MCMURRAY, Presiding Judge.
Burglary, etc. Berrien Juvenile Court. Before Judge Knight.
On March 27, 1981, appellant, age 16, was charged by state warrants filed on March 30, 1981, in the Superior Court of Berrien County with the offenses of armed robbery and kidnapping with bodily injury. On March 30, 1981, a petition was filed in the Juvenile Court of Berrien County alleging delinquency and that the appellant had committed the following acts, which would be considered as felony offenses if tried in superior court: motor vehicle theft, aggravated battery and burglary.

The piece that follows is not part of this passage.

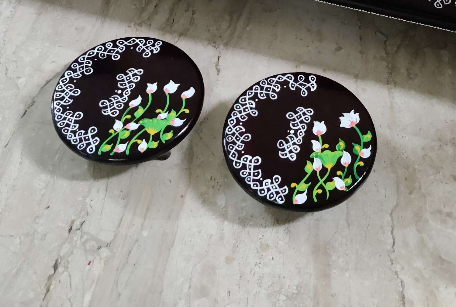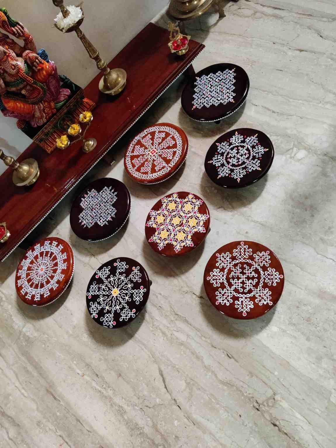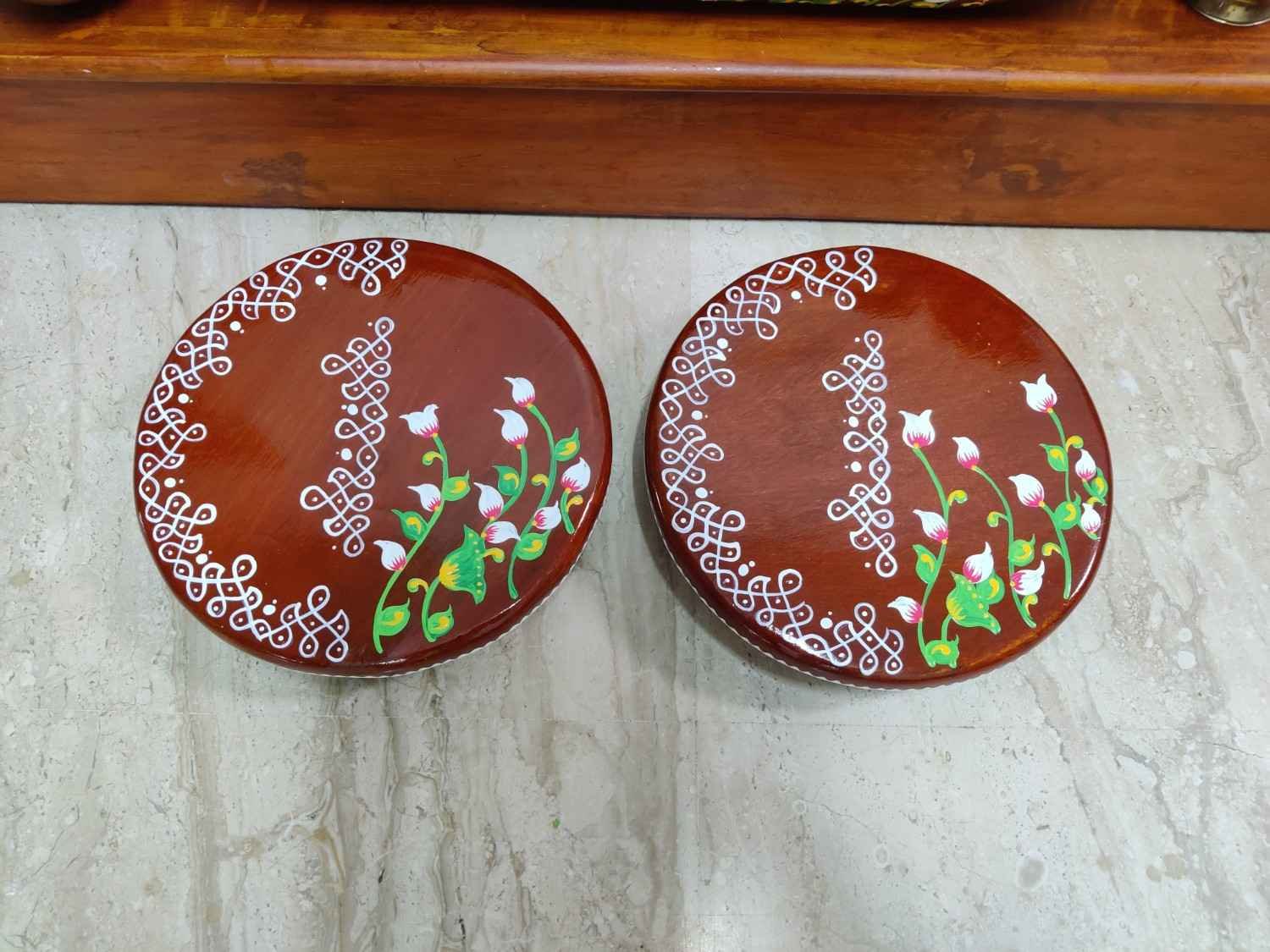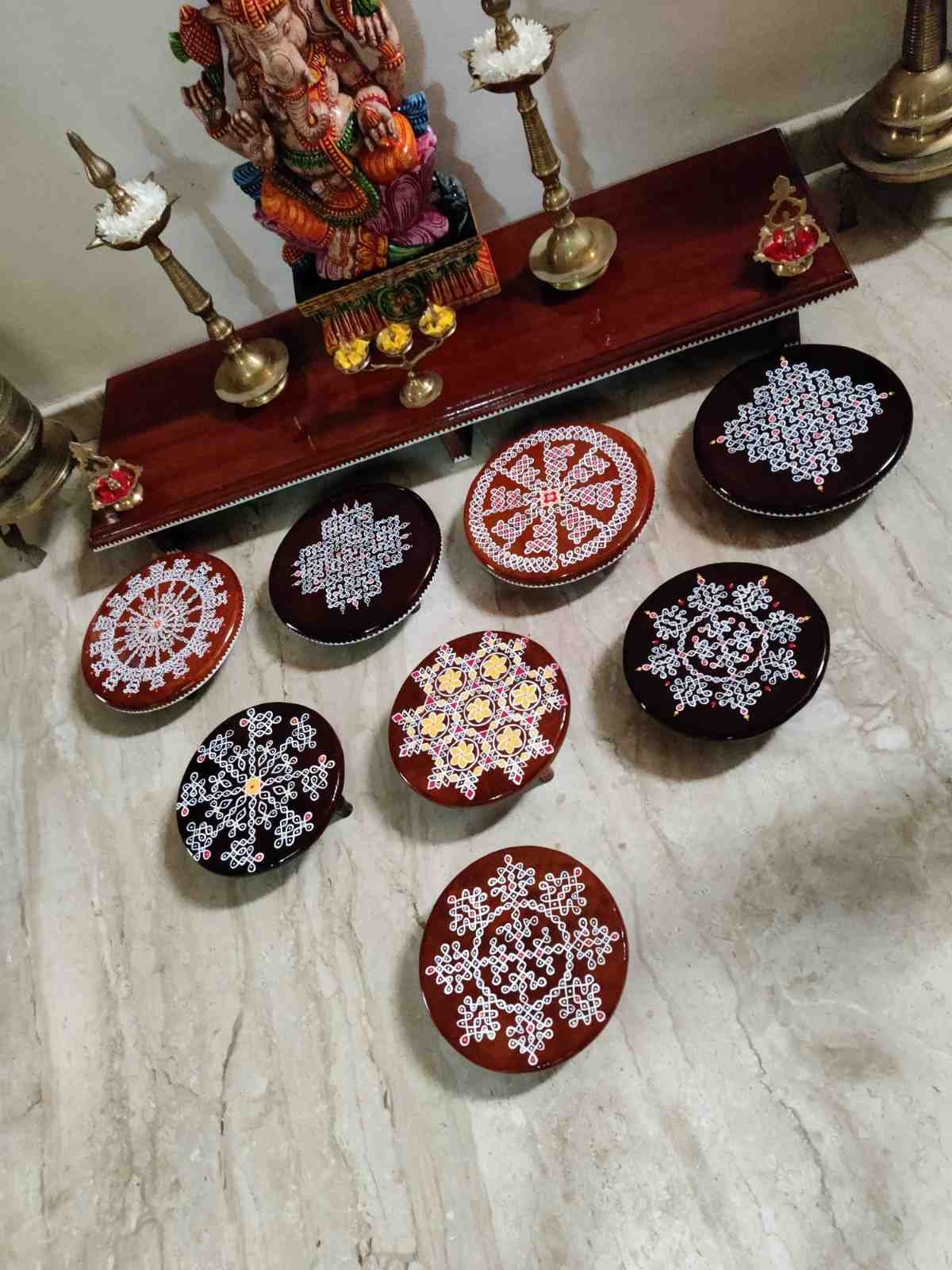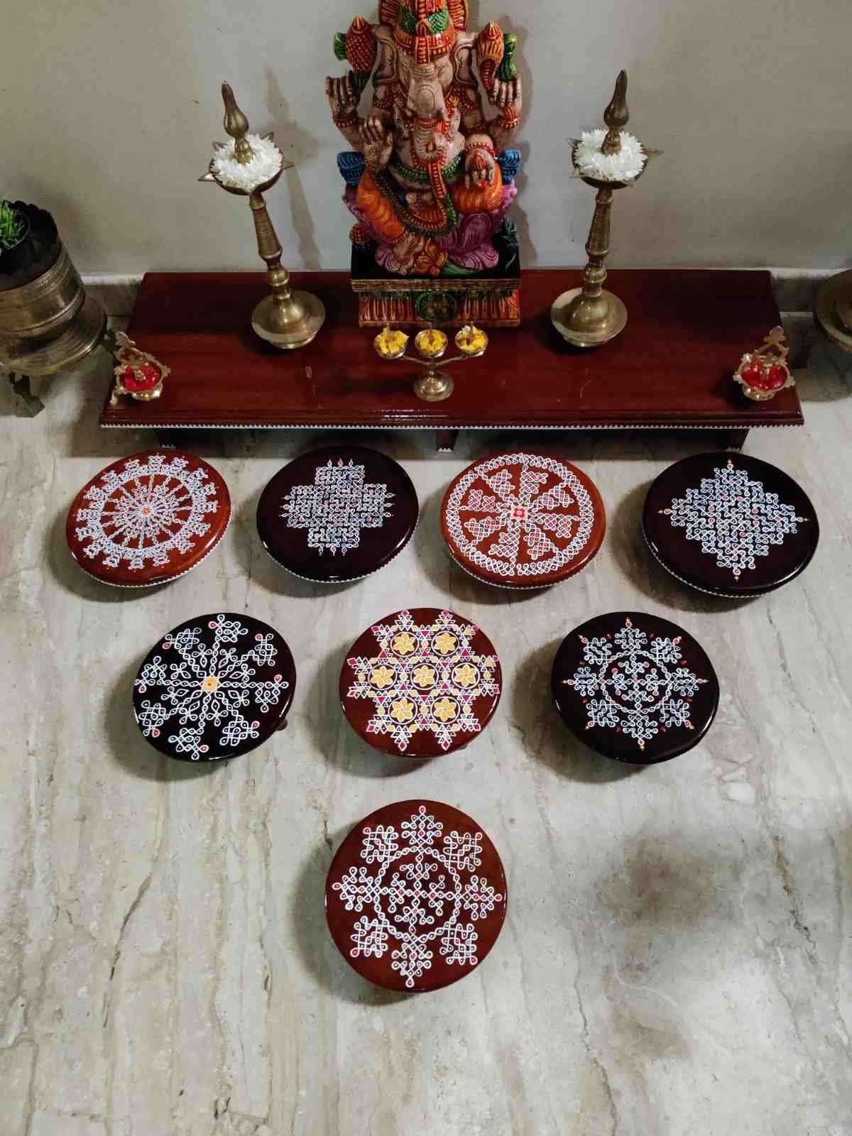 This is a solid round floor level stool.Can be used for placing small idols, diyas, small planters and decor pieces as itself .Can be done in both wood finish and painted ones. Only kolam or generic paintings can be done.

The state then filed a petition for transfer of the juvenile prosecution to the superior court with reference to the alleged delinquent acts which would be considered as felony offenses if tried in superior court. At the transfer hearing a motion was made by appellant's appointed counsel, appointed March 30, 1981, requesting the juvenile court to also acquire jurisdiction over the felony charges of armed robbery and kidnapping with bodily injury. Following the lengthy transfer hearing commencing April 3, 1981, the juvenile court determined on April 14, 1981, that the Superior Court of Berrien County had first acquired jurisdiction of the two capital felony charges and that the juvenile court had never acquired jurisdiction of these two charges. It thus denied appellant's motion for the juvenile court to acquire jurisdiction of these two felony charges. It is noted that appellant was appointed an additional attorney. On May 14, 1981, the juvenile court issued its order of transfer as to the charges of motor vehicle theft, aggravated battery and burglary pursuant to Code Ann. 24A-2501 (Ga. L. 1971, pp. 709, 736; 1973, pp. 882, 887; 1978, p. 1758), and appellant appeals therefrom. However, it is noted here by supplemental record that the appellant was subsequently indicted on May 19, 1981, in five counts for the offenses of armed robbery, kidnapping with bodily injury, aggravated battery, burglary and motor vehicle theft and that on June 23, 1981, appellant Was found guilty of the offenses of armed robbery and kidnapping with bodily injury. Held:
1. Code Ann. 24A-2501 (a) (3), supra, provides for the transfer for the offenses alleged against a delinquent child based on conduct designated a crime for prosecution by the appropriate court having jurisdiction of the offense if the court in its discretion determines theme are reasonable grounds to believe that (1) the child committed the delinquent act alleged; (2) the child is not committable to an institution for the mentally retarded or mentally ill; and (3) the interests of the child and the community require the child be placed under legal restraint and the transfer should be made.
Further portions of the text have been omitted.